Serial fixed ratio task
The agent was trained sequentially through FR1, 5, 20, and 40 for three sessions on each ratio requirement where it chose between responding or resting. Responding resulted in a reward if the ratio requirement was met (positive utility) and incurred a negative utility of − 1 representing the physical effort. Resting results in no reward but incurs a much smaller effort-related negative utility of − 0.2. Note that the designation of the alternative action as resting is arbitrary. The general idea is that an animal chooses between responding and other low-reward-low-effort actions. Time elapsed as the agent chose to either respond or rest, the session ended after 2700 timesteps roughly corresponding to a 2700-s or 45-min session.
Porsolt swim test
The forced swim test was simulated as a choice between swimming and resting.

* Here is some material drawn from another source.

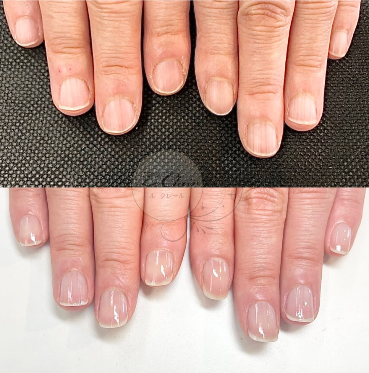 爪の形が整い、表面がなめらかになり、潤いと艶が増すことで、手元の印象がガラッと変わります。

Swimming was initialized with a utility of 0 representing that the agent initially believed that swimming will lead to a neutral outcome, and a utility of − 1 represents the effort of swimming. Resting had a large negative utility of − 10 representing the possibility of drowning but incurred no effort. Every time the agent chose to swim, it received a reinforcement of − 9 thereby gradually learned by Eq. (1) that swimming did not markedly improve the situation therefore reduced mobility over time. For simplicity, the agent made 300 decisions over 300 timesteps roughly corresponding to a 5-min session.
Note the logic of the proposed model does not depend on the specific values of task parameters used for the simulations, which were chosen so that the behavioral simulations are quantitatively similar to the experimental data.